Mr Moir said David Jones' ''village-style'' store in Melbourne's Malvern - which is one-third the size of a normal David Jones store - was a model that Woolworths would roll out further.
''I think we see three obvious [sites] within the next couple of years,'' he said. ''I believe we can get to double digits in time - but it's going to take time.
''What we will not do as a business is make bad real estate decisions. So you need to make sure you have got the right demographic and the right position within that demographic.''
Mr Moir left for Woolworths' Cape Town headquarters early Friday morning after coolly lobbing a $4 a share bid for David Jones. He said investors in South Africa had realised it was a full price, but was justified given the need to gain full control of the retailer and David Jones' property assets.

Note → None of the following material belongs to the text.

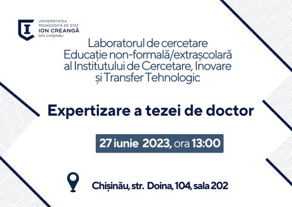 Se organizează ședința de expertizare a tezei de doctor, în cadrul Laboratorului de cercetare Educație non-formală/extrașcolară al Institutului de Cercetare, Inovare și Transfer Tehnologic, UPSC Candidat: COTOVIȚCAIA Daniela Conducător științific: POGOLȘA Lilia, dr. hab., conf. univ. Tema tezei: REPERE TEORETICE ȘI METODOLOGICE DE PROIECTARE ȘI INSTITUȚIONALIZARE A CURRICULUMULUI PENTRU ÎNVĂȚĂMÂNTUL NON-FORMAL, PROFILUL MUZICĂ Specialitatea […]

''[Woolworths shareholders] are getting to understand there is an element of a premium for control but also an element of premium given there is over $600 million worth of property in there.''
Unlike rival Myer, David Jones owns its properties encompassing four buildings across its flagship stores in Sydney and Melbourne. The David Jones property portfolio was valued at $600 million two years ago with many experts believing the price would have appreciated significantly since then.
The valuation does not include so-called ''air rights'' in both cities, allowing development up to 20 floors high on the Sydney store.
Mr Moir said key institutional shareholders in Woolworths including the Public Investment Corporation, which manages the country's state-pension funds and owns 18 per cent of the company, were supportive of the bid, which will be the biggest in Woolworths' corporate history.
''Obviously investors are very keen to talk to us and I've had conversations with our biggest ones and so far so good.''
Woolworths, which has a market capitalisation of $5.6 billion and annual revenues of $3.6 billion, will need to trigger a capital raising to help fund its purchase of David Jones, and a circular to its investors is expected to be issued by May.
Daniel Isaacs, an equity analyst at South Africa's 36ONE Asset Management, said he was confident the as-yet unpriced share issue would be supported by investors.
''You've got a project in front of you that doesn't really allow for much slack,'' Mr Isaacs said.
''On the other side of the scale, taking on this project you have excellent management, and they have proved themselves previously in Australia with Country Road. A big concern in South Africa is that companies have moved previously into Australia without much success.'' Among the companies that have tried to expand into Australia are Pick n Pay.